My muscles tightened. I could bash Nelson’s head against his window, which might kill him, or I could try to knock him out. Killing him would be easier than fighting him.
“Something’s come up, Nelson,” I heard myself say instead, my voice graveyard quiet. “You’re a good cop. I know you hate this. Hate me. But we’re damn near family, you and me. So I’m going to trust you more than you’ve ever trusted me.” He was quiet, mouth a little open, as if too stunned to speak. “April’s life is on the line. There’s something I have to do, and I’m running out of time to do it.
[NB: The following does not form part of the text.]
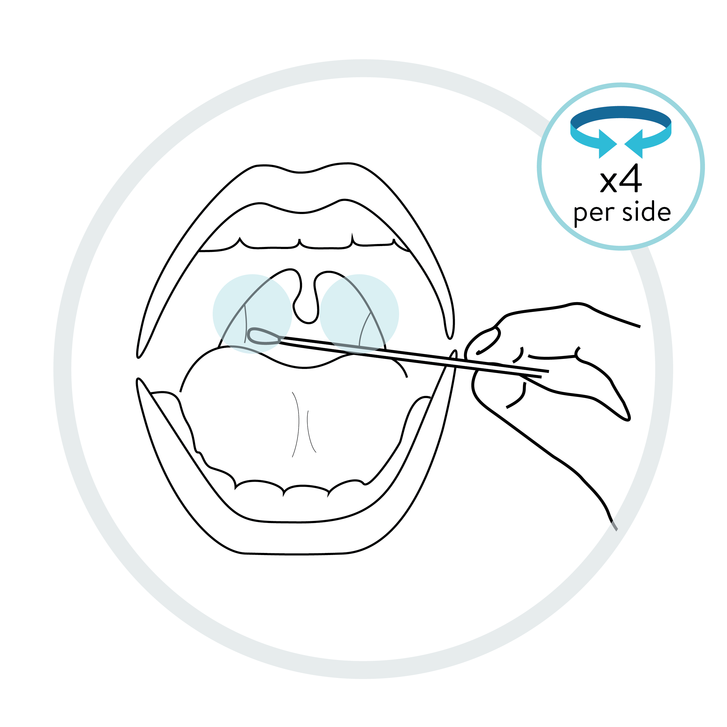 - Stryk penselen litt frem og tilbake over bakre svelgvegg og mandlene.

I swear to God that by tomorrow morning, it will all be over, and you can have what’s left of me. But right now . . . I’ve got to go.”
“What the fuck are you talking about?”
I unlocked my car door while he was still ten yards away from a full stop behind the truck. The car lurched, stopping as Nelson turned to me. His regulation Smith & Wesson was on me before my door was halfway open. He’d angled himself to keep his pistol low and close, out of my reach.
Behind us, a car screech
ed its brakes. I expected impact or a gunshot, but neither came.
“Close that goddamn door,” Nelson said. “Hands on the dashboard. You’re not this stupid, Ten.”
I stared straight ahead into the lines of red brake lights. “You can shoot me—that’s your choice. Follow your head or your heart. We’re way past bullshit here.”
“Do not test me, bruh. I’m counting to three. One . . .”
“All Preach’s life, he tried to teach me. Trust him, one last time.”
“Two . . .”
“She’s my woman, Nelson. I have to do this.”
“I will shoot you.”
“She’s worth dying for.” I swung my right leg out of the car, my foot pressing against the asphalt. My feet dragged, waiting to hear the gun’s report. When I didn’t hear anything, I closed my car door behind me and walked past the stalled traffic in the next lane. My legs were asleep, slowly waking with each step.
Then I was running.
Nelson flung his car door open. He didn’t want to shoot me, but he could tackle me from behind. Nelson’s footsteps closed behind me, conditioned and quick. Nelson was fast; his breath huffed across the back of my neck as we ran between the crowded lanes. I darted to the shadowy sidewalk.
Nelson brushed my back as I changed direction, trying to grab a handful of my clothes. I pushed off from him, and he stumbled long enough for me to get out of his reach. An empty garbage can crashed behind me, tangling him.
“You’re lying to me, I’ll kill you myself. You’re lying to me, your life is over, you sonofabitch!” Nelson shouted, his voice receding.
I ducked around a corner and was gone.
I left the ampm more than a mile from where I’d begun, with a new throwaway cell phone and enough minutes to last the rest of the night. Or my probable life span. Whichever ended first. I found a mom-and-pop doughnut shop, took a booth in the rear, and kept my face away from the door and windows. A patrol car sped by with sirens fussing, but I paid no attention.